Ele descreveu o sistema de saúde dos EUA como uma “forma sistemática de violência” e disse que resultou em “quantidades extremas de dor, quantidades excruciantes de violência, quantidades excruciantes de mortes”.
Após a notícia do assassinato de Thompson, Pecker disse: “Vi muitas pessoas entenderem imediatamente por que isso aconteceu”.
Tolentino descreveu então os CEO dos cuidados de saúde como “comerciantes de assassinato social (e) de violência estrutural contra as pessoas.

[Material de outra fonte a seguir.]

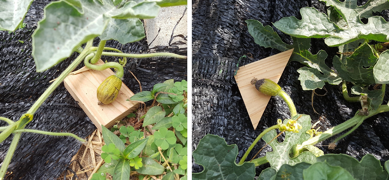 그런데 며칠 후, 수박 2개가 별 이유도 없이 갑자기 시들어버렸다. 어, 수박이 왜 이래? 가슴이 덜컹 내려앉았다. 딱 6개밖에 없었는데 하루아침에 2개가 시들어 버리다니... 갑자기 왜 수박이 시든 거지? 벌레가 파먹은 흔적도 없는데... 정확한 이유를 모르니 더 답답할 수밖에. 혹시 땅에서 습기가 올라와서인가? 그래서 나뭇조각을 가져다가 남아있는 작은 수박 아래에 받쳐주었다.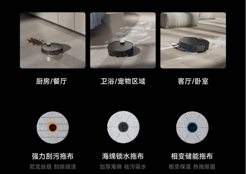 这款产品搭载追觅全球首创的自动换拖布技术,其配备的三组独立拖布模块,为厨房、卫生间等不同功能区自动匹配专属拖布,传统扫地机长期因“一块拖布擦全家”导致厨房油污、卫生间细菌与宠物等区域交叉污染的痛点,被这项技术解决,为用户提供了精细化清洁体验。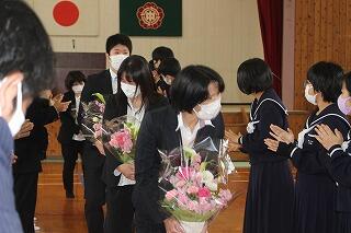 3月30日(火)に離任式が行われました。今年度本校では、4名の先生方が異動となりました。長い先生で本校10年、短い先生で本校1年の勤務でしたが、一生懸命本校の生徒や保護者のために尽くされました。別れはさみしいですが、新しい赴任地ではお体を大切にされて、頑張ってください。ありがとうございました。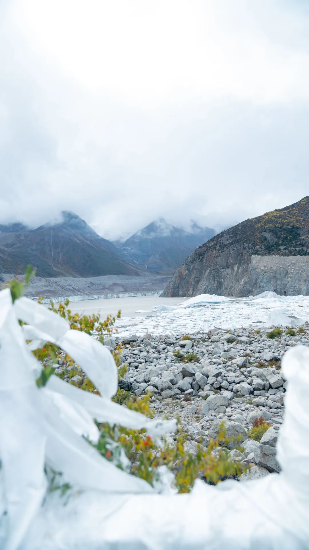 在八宿來古村,環(huán)顧四周可見至少6條冰川,統(tǒng)稱來古冰川群。冰川從海拔6600多米的山峰一路傾瀉至海拔4000米左右,站在它寬闊的冰體之上,猶如穿越到冰河世紀。當(dāng)我們站在陽光照耀下絕美的天然藍冰洞里,仿佛穿越進童話之中。當(dāng)日頭漸漸落下,在然烏湖畔,萬丈金光從天而降照射在雪山之巔,一幅“日照金山”之景就此“繪制”完成。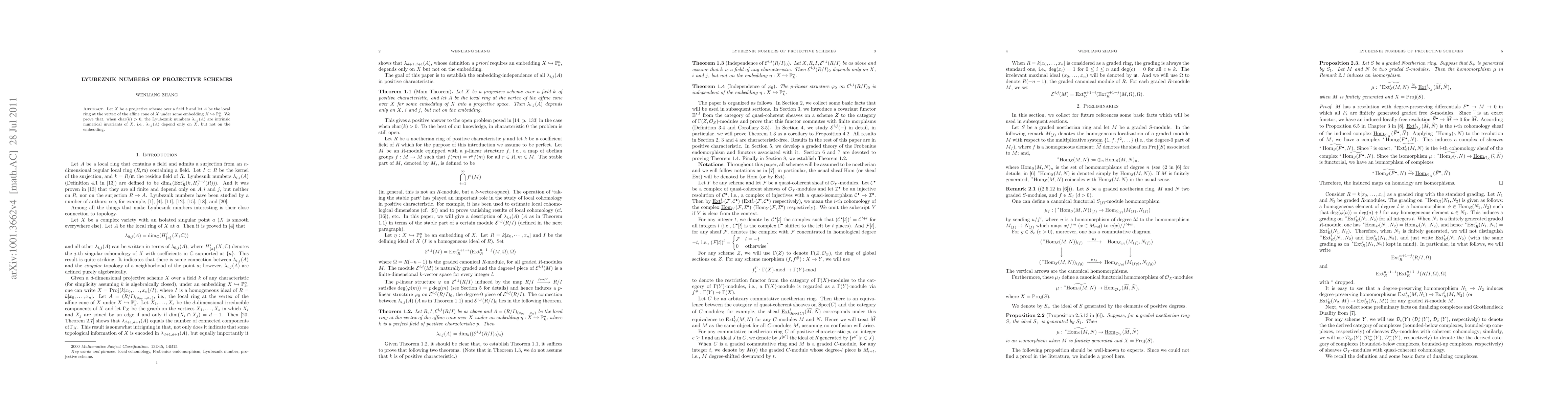 Summary: This paper proves that Lyubeznik numbers of the local ring at the vertex of the affine cone of a projective scheme $X$ over a field $k$ with positive characteristic are intrinsic invariants of $X$, independent of the chosen embedding.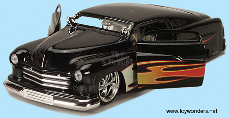50937CA DUB City Mercury (1951). 1:24 scale diecast model car. This 1951 Ford Mercury is an 8.5" long diecast metal car with opening doors/trunk/hood, hydraulic system installation, KMC rims, and street low rider. This 1951 Mercury is manufactured by Jada Toys. 4 pcs per display box and in assorted colors.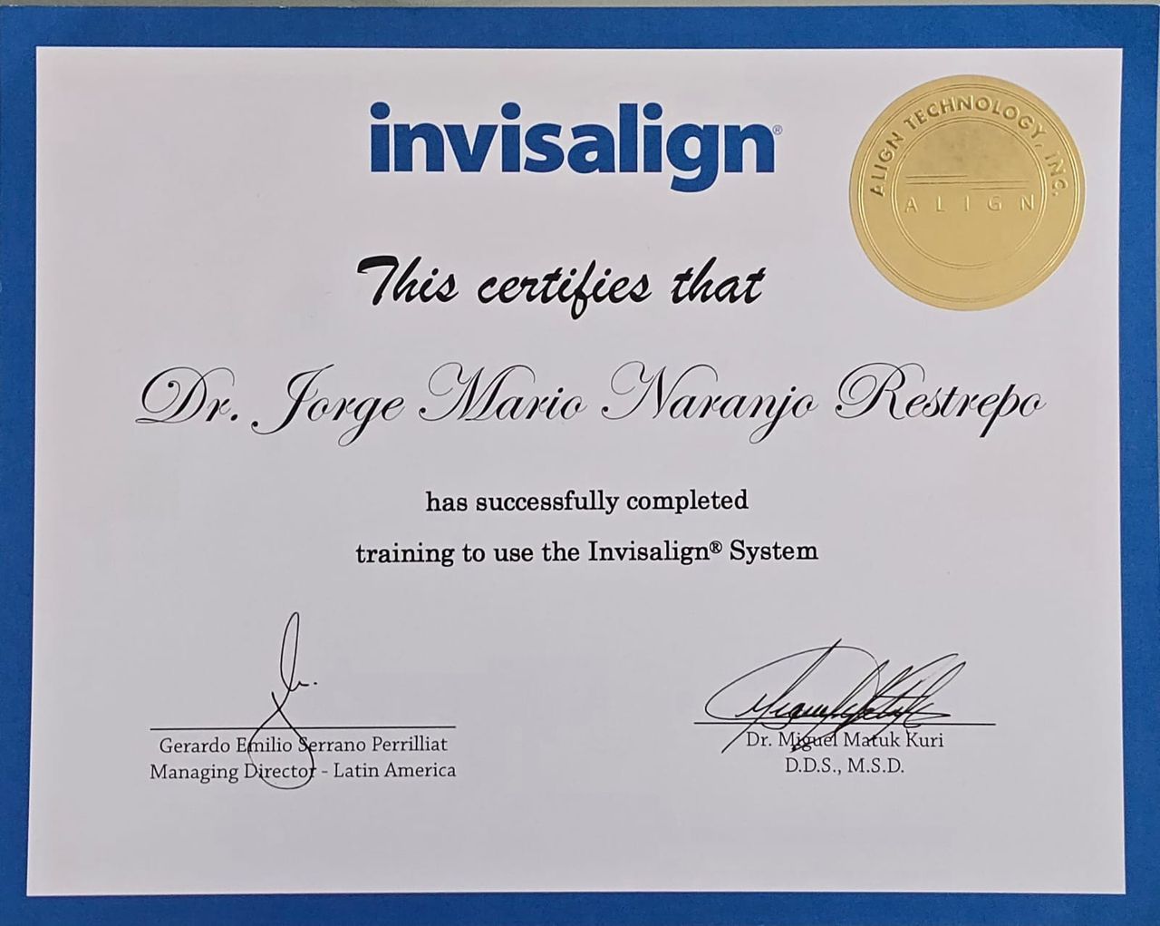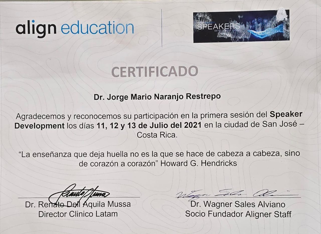 Speaker Oficial de Align Technology por 7 años.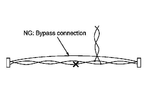 Bypass connection may cause ITS communication error. The spliced wire becomes separated and the characteristics of twisted line are lost.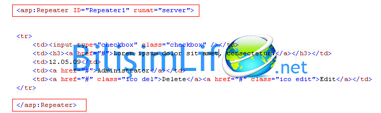 Repeater nesnesi eklenilecektir. Repeater nesnesinin kapanış tagını alın (yani </asp:Repeater> kısmını), <tr> tagının kapanış tagının altına yapıştırın (yani </tr> kısmının altına).
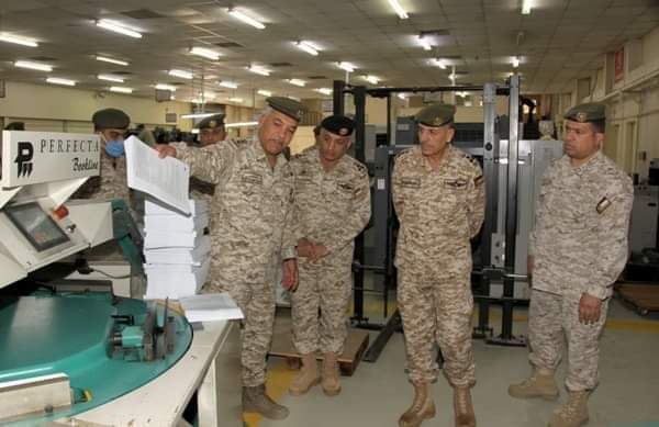 وجال مساعد رئيس هيئة الأركان المشتركة للإدارة والقوى البشرية في جميع أقسام قيادة المطابع واطلع على آلية انتاج المواد المطبعية لوحدات القوات المسلحة والأجهزة الأمنية والوزارات والدوائر الحكومية والمؤسسات المدنية والتي تُنتج بحرفية ودقة عالية وبأسعار منافسة للسوق المحلي.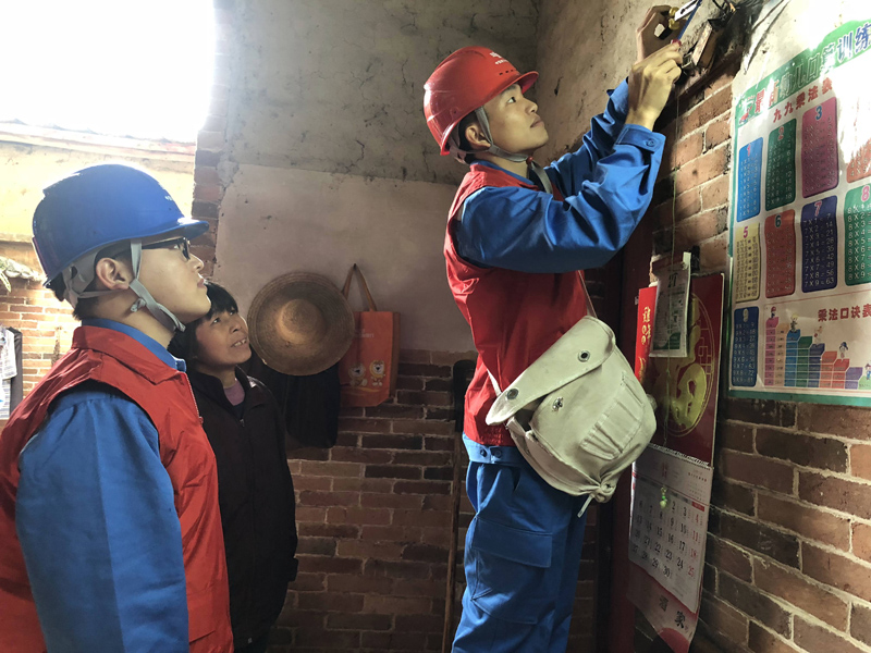 南方電網(wǎng)“高鋒愛心供電服務(wù)隊”志愿者為小婷家檢查用電設(shè)備。林丹丹 攝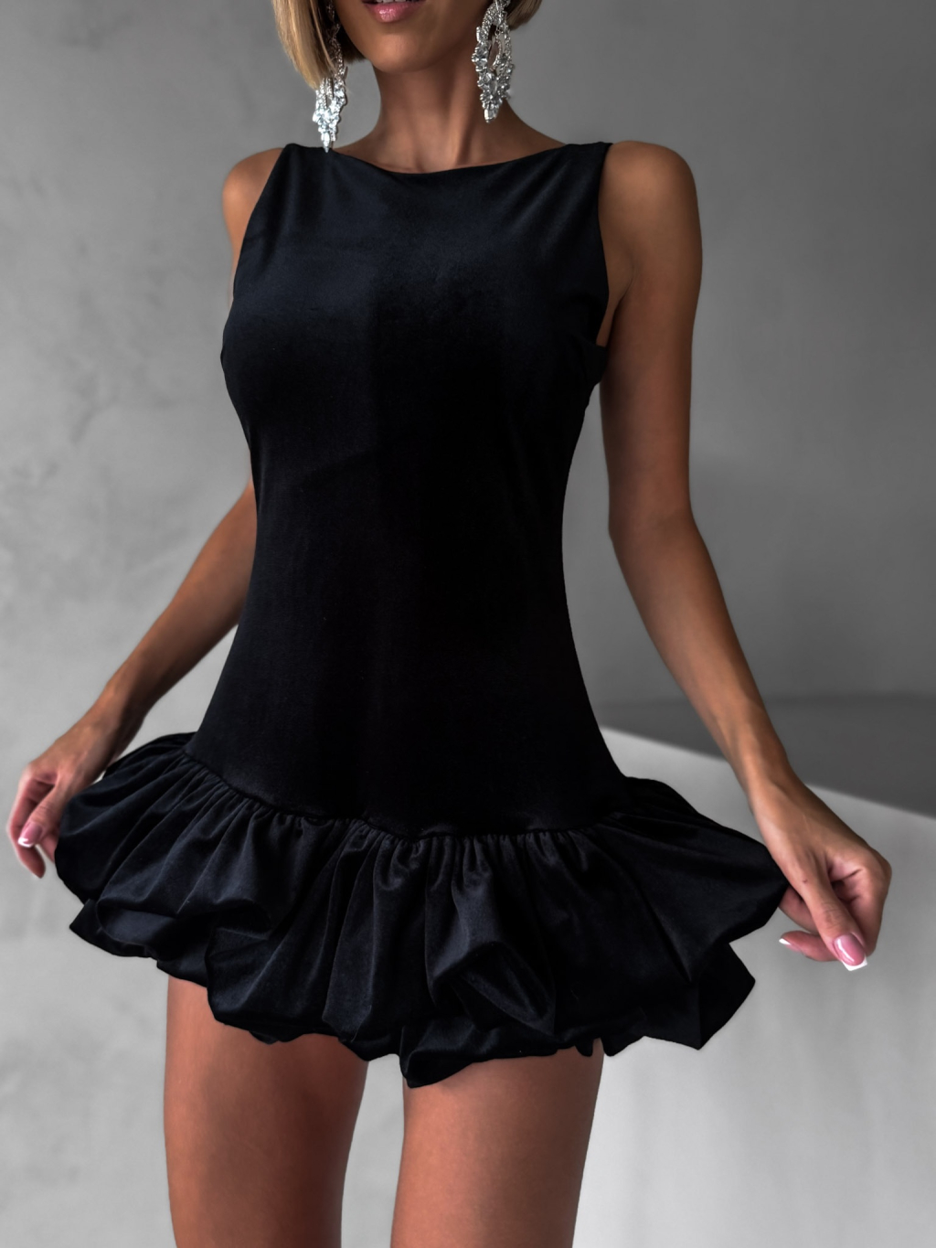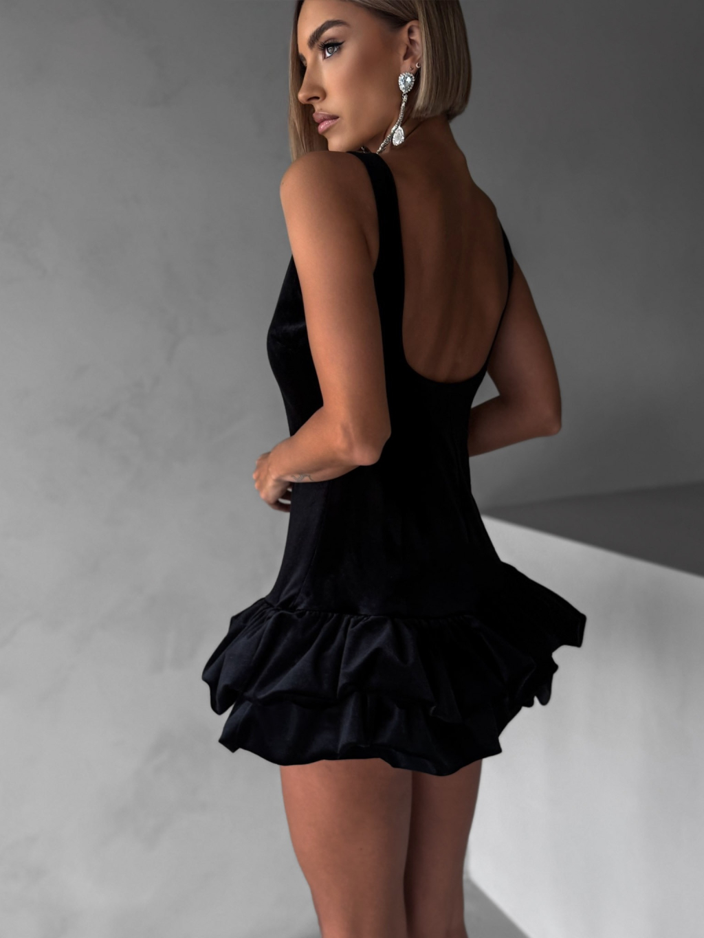 Černé sametové krátké šaty FRANCHO s všitými kraťásky

No entanto, ele acrescentou: “Não acho que nos tornamos uma cultura onde o assassinato é aceitável. Acho que nos tornamos uma cultura onde os cuidados de saúde privados são tão imorais que as pessoas tiveram uma reação muito específica ao assassinato de Brian Thompson”.
As meninas discordam
“Acho que somos uma cultura profundamente violenta”, disse ele. “De certa forma, o assassinato de Charlie Kirk não foi o único. Tiroteios em escolas acontecem o tempo todo e, na verdade, decidimos quase coletivamente que este é apenas mais um subproduto da existência americana.”
Tolentino explicou então como o assassinato de Thompson poderia ter sido uma oportunidade “para alguém jogar a bola para o outro lado” e levar o país em direção à assistência médica universal.
“Acho que esta é uma das oportunidades perdidas mais flagrantes que vimos na história política recente”, disse Tolentino.
A Internet responde
Em resposta, o Wall Street Journal publicou um artigo descrevendo o artigo do New York Times como uma tentativa de “legitimar o roubo e justificar o assassinato”.
O Journal escreveu: “Se houver uma fresta de esperança nesta história da terrível capitulação dos padrões editoriais a uma multidão marxista pós-ética, isso pode levar alguns jornalistas liberais a decidir que já estão fartos da ideia de que não existe longe demais.”
A procuradora dos EUA, Jill Filipovich, respondeu de forma semelhante a este artigo no X. Ele escreveu: “Esta entrevista me entristece muito. Um colapso completo de qualquer código moral/senso de integridade pessoal/compromisso com o bem comum.”
O economista e ex-membro da UE Luis Garricano acrescentou: “O New York Times deu a três comentaristas uma página para admitir que roubar é divertido e interessante.
Foram poucos os elogios a esta peça. Malcolm Harris, editor do The New Inquiry, escreveu: “Eles fizeram bem com tudo o que pensei”.